As parents, we are regularly told that our kids are stressed-out. Does that stress you out? It doesn’t have to.
In Five Simple Lessons to Help De-Stress your Stressed-Out Teen (And Yourself in the Process), Erin Anderssen reminds us all that stress is a part of life and learning to cope with it is another important part. In the article, Dalhousie University Psychiatrist, Stanley Kutcher highlights the fact that,
“While valuable antistigma campaigns have raised public awareness about mental illness, an unfortunate side effect is that they have diluted the meaning of clinical disorders such as anxiety,depression and trauma so that they are carelessly tossed into everyday conversations.”
Feelings of fear, nervousness, sadness, and worry about upcoming tests or poor grades are fairly normal and aren’t necessarily the same as clinical anxiety or depression. Kutcher continues,
“The first are common feelings, the latter are debilitating mental-health diagnoses. Teaching [kids] to recognize the difference and to use precise language to define how they are feeling helps normalize their own stress [and] helps identify when symptoms require more serious intervention.
While we can’t get rid of our kids’ tough feelings, we can teach them that feelings are normal. Everyone has feelings. As our children grow, they must learn to recognize feelings and learn how to move through them and beyond. Experiencing heavy emotions doesn’t mean that kids are shattered. Feeling nervous doesn’t mean that they are going to fail the test. Feelings exist to make us aware of situations and to highlight the need for a strategy or two to get us through.
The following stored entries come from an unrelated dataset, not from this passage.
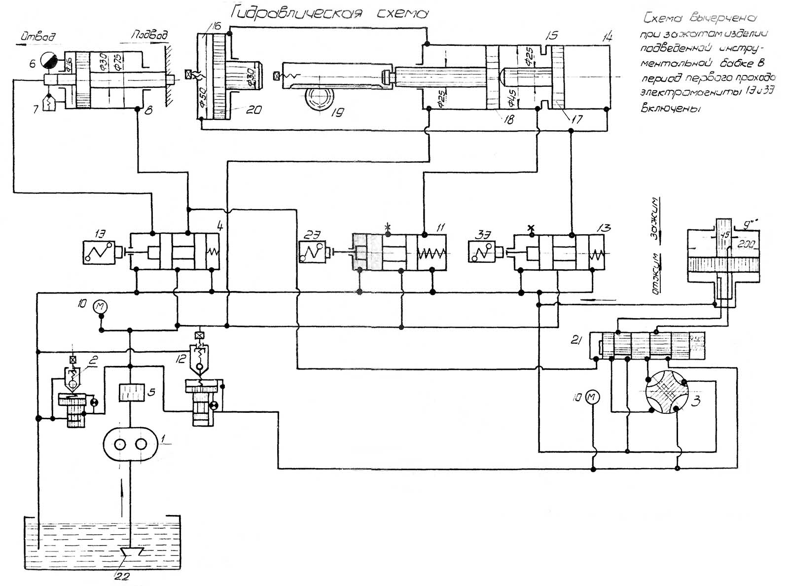 Гідравлічна схема зубозакругляющего верстата 5М580. Дивитись у збільшеному масштабі
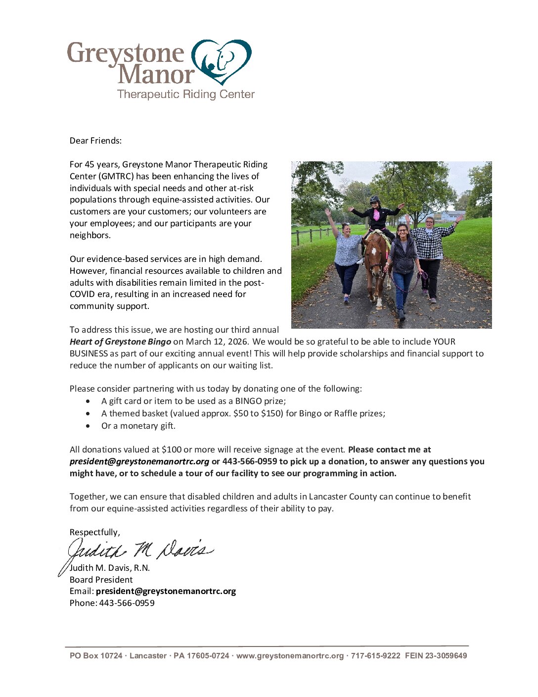 Greystone Manor TRC will host its third annual Heart of Greystone Bingo on March 12, 2026, a fun and meaningful event that directly supports their mission to provide therapeutic riding and equine-assisted learning opportunities.
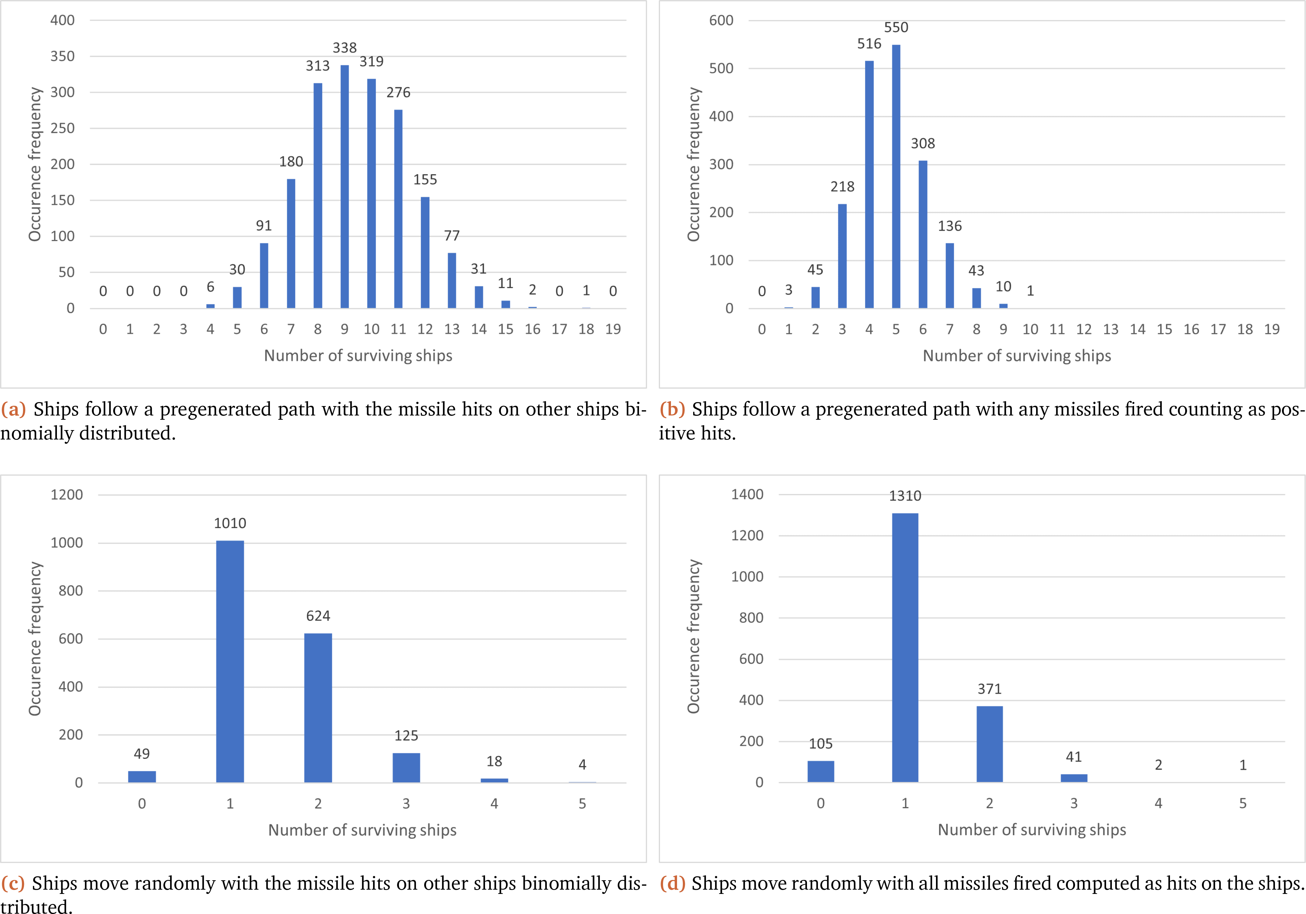 In this vein, as multiple iterations of the model are necessary for MC, there is additional data generated compared to the interval implementation (see endpoint results: Table 2), which can be collated to show the total number of occurrences for the number of ships that survived at the end of the simulation. This can be seen in Figure 3, where each sub-figure corresponds to one of the four previously discussed scenarios. Sub-figures (a) and (b) show that a predetermined path has a higher frequency for the number of surviving ships (with peak occurrence values at nine and five respectively) compared to their associated random path scenario (where both peak values are at one ship). Figure 3 also shows that the paths that the ships follow in the simulation have the greatest effect on the shape of the results; with a preset path ((a) and (b)) displaying results similar to a normal distribution, while a random path ((c) and (d)) coincides more with our expectations (one ship surviving and more ships surviving being less common). Another common factor shown in Figure 3 is that the number of surviving ships at the end of the simulation is higher when they are binomially distributed ((a) and (c)) compared to every missile fired hitting the target ((b) and (d)).

Sometimes, the way parents respond to a child’s feelings can make it seem like the feelings really are a crisis. It can be exhausting, frustrating and tough to watch our kids feel sad, angry or worried. Planning how we will respond rather than react can make our job easier.
How will you respond to your child’s high-level emotion?
“Wow – looks like you are feeling really _____. What will you do to get that feeling out?”
“Sorry you feel that way. I know you can get through this.”
Some kids do better getting through a feeling on their own, others appreciate a hug or support from a parent. Music, writing, drawing or physical activity (running, exercise) can help as well.
When parents tell their kids that there is no need for them to feel nervous, or that there is something wrong with them for getting so stressed out, it is not helping.
What strategies will work for your child when learning to manage these emotions?
Planning strategies always works better “In the cool of the moment,” as we know that very little learning happens when things are “Hot.” Kelly McGonigal, author of The Upside of Stress suggests,
“Performing acts of charity can help to work off stress. For one thing, helping another person leaves less time for ruminating about your own problems.”
Denise Pope, co-author of Overloaded and Underprepared: Strategies for Stronger Schools and Healthy, Successful Kids suggests,
“The most important tool for managing stress is sleep. And yet, high-performing students (and the adults raising them) brag about how late they stay up studying, how many tests they have and how busy they are. Nobody competes for the best night’s sleep but all the research suggests they should.”
All of these experts agree that it is critical for parents to teach their kids that feelings are normal – stress is part of life, and that the kids are capable of managing these feelings. The ability to discern between normal, every day uncomfortable feelings and those that are life-altering and clinically debilitating is critical for two reasons: to reinforce to kids that they have the resilience to survive the normal, and to highlight those kids who truly are sick so that they can get the help they need and once again be able to face the day-to-day stressors which affect us all.